Flying over the USA heartland is always my favorite flight route. The excitement of gazing out the window distracts me from the long flight, the uncomfortable seats, and the lack of a snack. Above the clouds, the sun is so bright and beautiful; it’s a world you can only see by flying. Once the plane dips below the clouds back to earth the country appears. From 30,000+ feet above the earth, the grid and squares of the land, from the Public Land Survey, are so clear and so telling. The land was divided into townships of 36 square miles and then 1 mile squares, all based on meridians and parallels. Within each square, the shades of brown and green indicate different crops and fields and uses. Roads appears white; rivers appear bluish-brown. Towns are spaced a few miles apart, or so it seems from up so high. The land appears to pass in slow motion until another plane jets in the opposite direction, defining its 100s of miles per hour. Much of this part of the country is the perfect grid, of course with some exception and some roads that come to a T rather than a cross. Occasionally the plane will fly along an interstate, foretold by its characteristic wide lanes and clover leaf interchanges. Factories and their blowing smoke stacks and nearby reservoirs are found now and again among the farmland.
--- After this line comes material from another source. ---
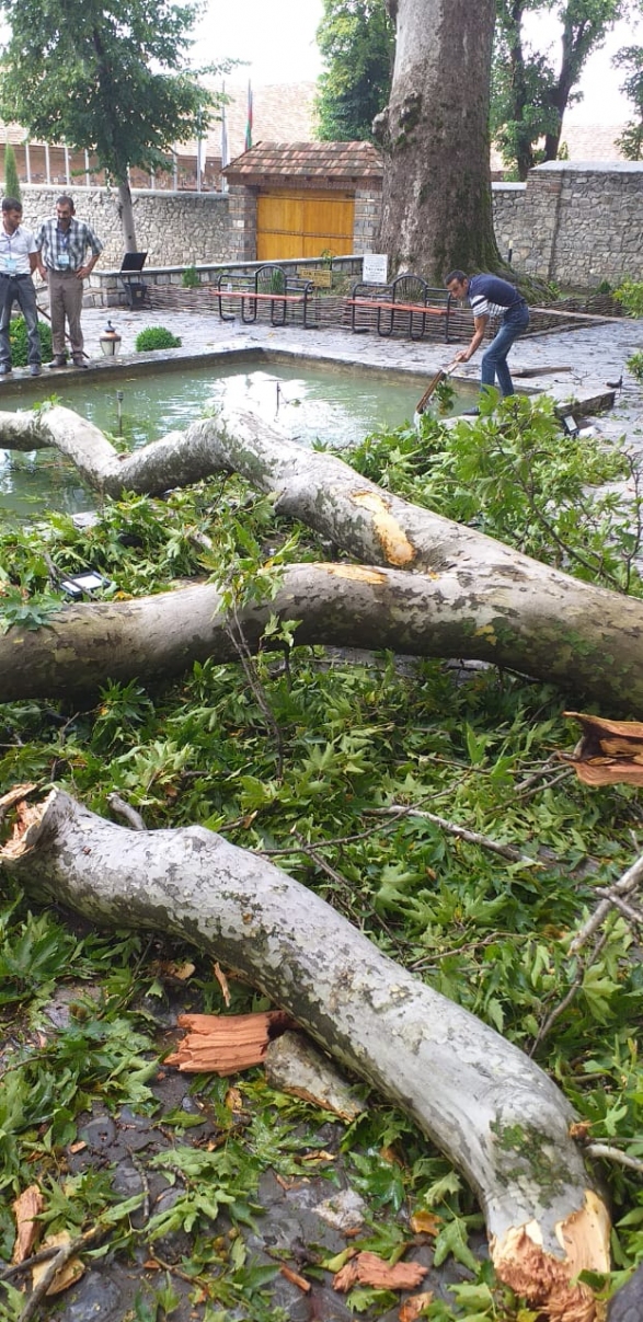 Происшествие случилось перед Дворцом шекинских ханов на северо-западе страны, куда традиционно съезжается много туристов. Отдел информации Госагентства по туризму заявляет, что ветка травмировала 19 человек.

If only the plane would scroll through the names of the towns and states as we pass. Flying from DC to Denver, I imagined the route to be Indiana, Illinois, Iowa, Nebraska, and finally Colorado, but I can’t be sure. Regardless of the state, the towns are mostly gridded just like the survey of the land. They appear as clusters of buildings with main roads through the center from one or two points, sometimes with a highway and bypass. It fits with the land. What is always striking is the blatant shape of the new construction or sprawl in its large scale. Obviously evident from the ground by its massive, identical white vinyl houses, empty treeless yards, the developments also appear so different from the air, just as they do on the ground.
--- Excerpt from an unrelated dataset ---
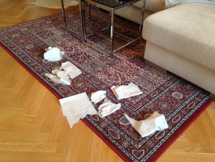 …Sintra skulle ha blivit magsjuk igen. Hon väckte mig varannan timme för att gå ut och bajsa. Sista gången orkade jag inte och då blev det mattan istället… Suck! Lesson learned. På jobbet igår hann hon inte ens med att säga till utan det bara sprutade. Happ. Blev till att skrubba och gå hem. Och så här såg det ut efter natten till idag onsdag: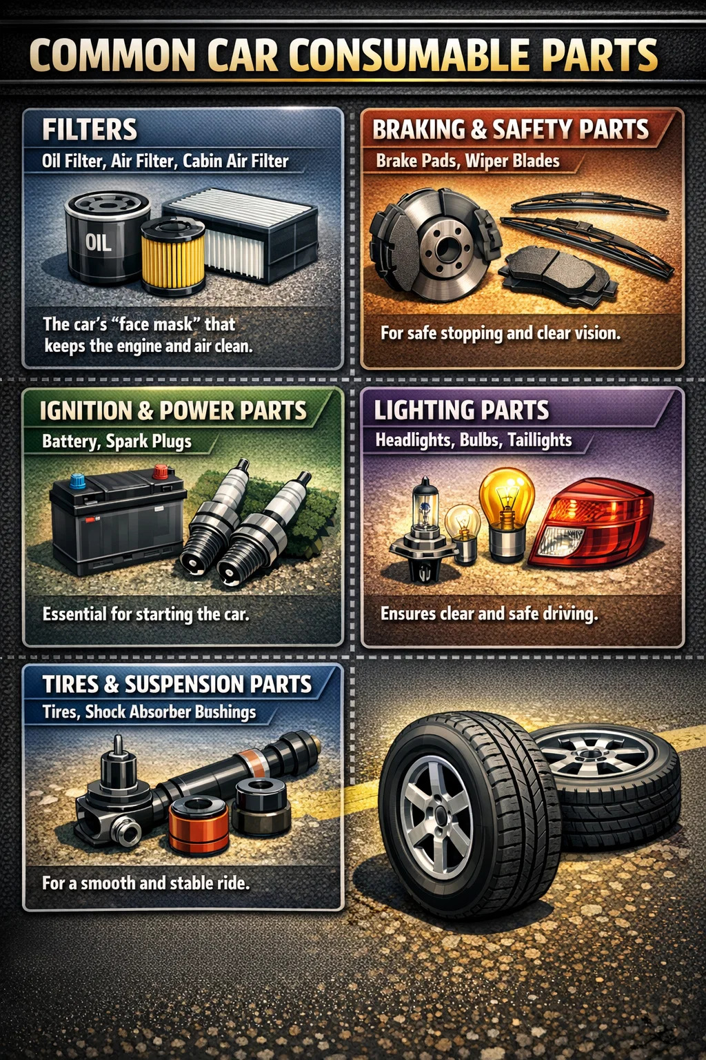 Nel mondo delle automobili, alcune parti si consumano rapidamente e sono molto richieste, rendendole facilmente disponibili presso qualsiasi negozio di ricambi auto o officina di riparazione. Queste parti dell'auto sono comunemente denominate "parti di consumo" o "parti di uso comune".

Planners, designers, developers, and others responsible may be attempting to incorporate curvilinear streets and other traditional, successful community plans, but from the air they appear as squished centipedes; their bodies the bending streets and their legs the smaller dead end side streets. Perhaps slightly more interesting than a grid, the layout will not fool me. I know these streets are dead ends and cul-de-sacs off a single main thoroughfare, maybe with sidewalks, probably with front facing garages, characteristic of the auto centric development. They might make more sense if streets met each other, enhancing connectivity, not solitude. I know that they aren’t truly walkable because you can’t walk anywhere; you always have to get in your car. Though nearby, these houses appear so isolated from the nearby towns, in such contrast from the towns that appear harmonious, organic, and in sync with themselves.

Of course, these thoughts come from my judgmental eye and my disdain for McMansion auto-centric, cookie-cutter developments in an age when we know what works and what has failed in communities. Why don’t we follow our own advice? The root of the evil is likely lazy and careless development planning, one that cannot be bothered to study actual successful communities rather than theory and nice architectural renderings.

I suppose, however you feel about the landscape from the air, the lesson is in reading the landscape. It’s a story right in front of your eyes about how the way we live is shaped by our land. Highways, byways, gridded towns, dirt roads, farmland, factories, flood plains, new construction, and sprawl – it is all in place to read and to interpret.

With the glamour of airline travel a bygone day, the story of the land is the beauty of flying cross country.